In September 2019, Kelly was appointed as Shadow Cabinet Secretary for Justice. He resigned from this role in September 2020 while calling for Richard Leonard's resignation as Scottish Labour leader. In his resignation letter, seen by the Daily Record, James Kelly told Richard Leonard: “I have no confidence in your ability to shape the party's message, strategy and organisation. I know that this is a view shared by other parliamentarians, party members and indeed many members of the public.”

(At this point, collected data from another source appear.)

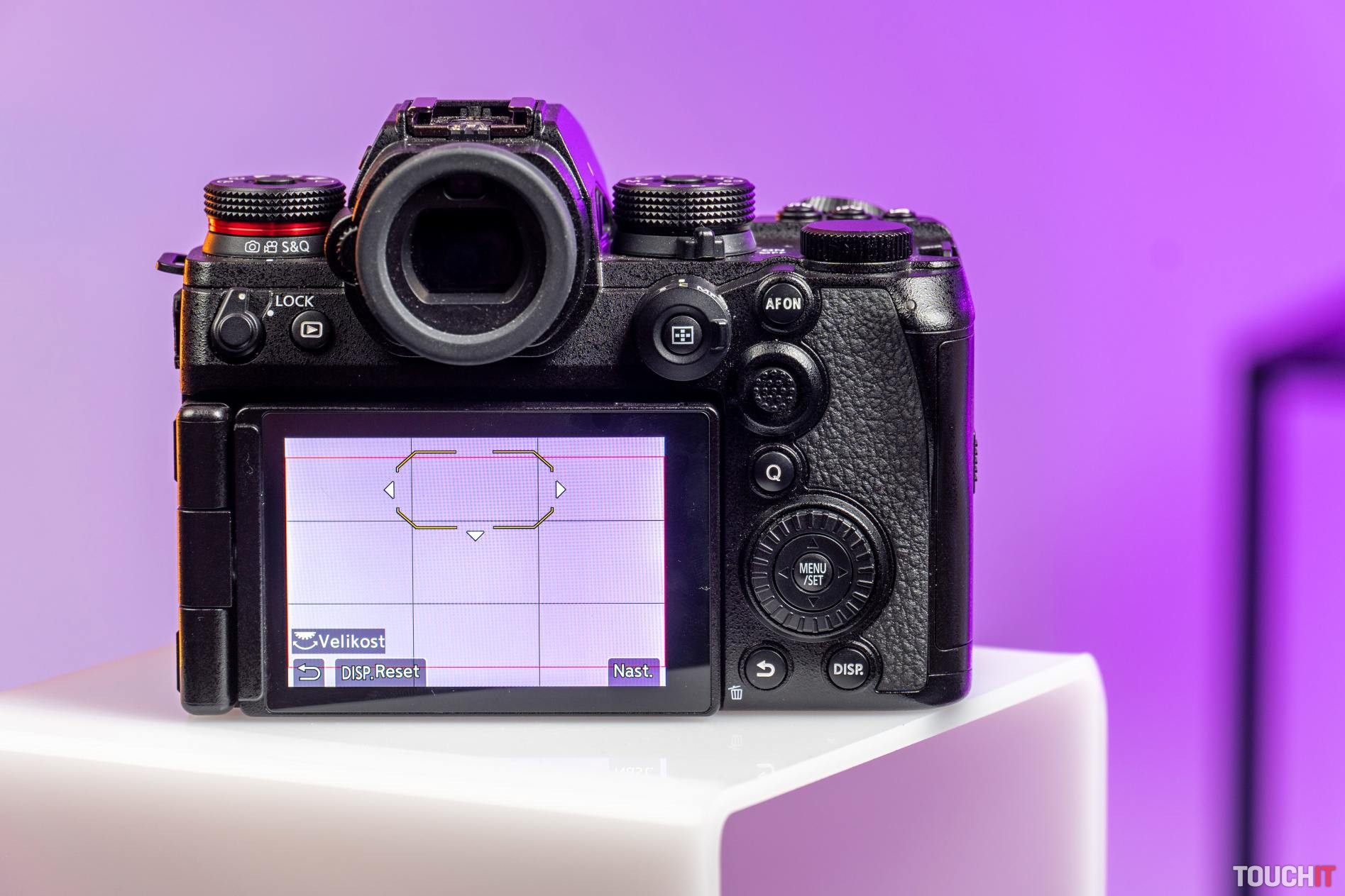 Hľadáčik tohto fotoaparátu je krásne ostrý, ocenili sme tlačidlo na boku fotoaparátu, ktorým sa dá hľadáčik zapnúť/vypnúť.
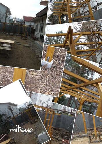 去年の大雪で壊れたぶどう棚を、片付けました。 まずは、撤去作業に5日ほどかかりました。 これは思った以上に大変でした。 それから、材料の鉋がけ、切りこみ、塗装、組み立てと4日くらい。中に雨の日がありましたので10日間くらいかかりました。 次いでな…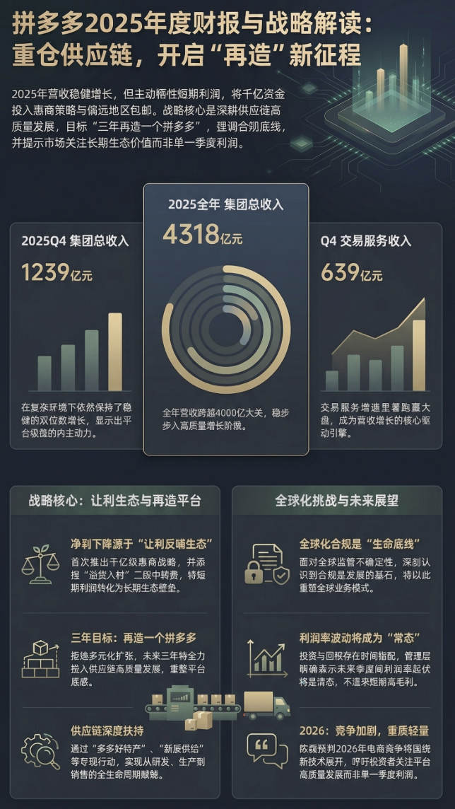 拼多多2025年四季度及全年营收保持稳健双位数增长,但在激烈的行业竞争和复杂的全球监管环境下,公司明确宣布主动牺牲短期利润,以“All in”的姿态重仓供应链,力图在下一个三年“再造一个拼多多”。

=== Return to frontbench ===
Kelly nominated Anas Sarwar in the 2021 Scottish Labour leadership election. Following Sarwar's election as Leader of the Scottish Labour Party, he was re-appointed as Parliamentary Business Manager as well as spokesperson for Community Safety and Drugs Policy ahead of the 2021 Scottish Parliament election. In the election he lost out to Clare Haughey in the constituency, and though four Labour candidates were elected on the regional vote, Kelly had been fifth on the party list so was not returned as an MSP.

== Personal life ==
Kelly currently lives in Cambuslang with his wife, Alexa, and their two daughters. He has spoken about his interests in sport, namely football, tennis and running.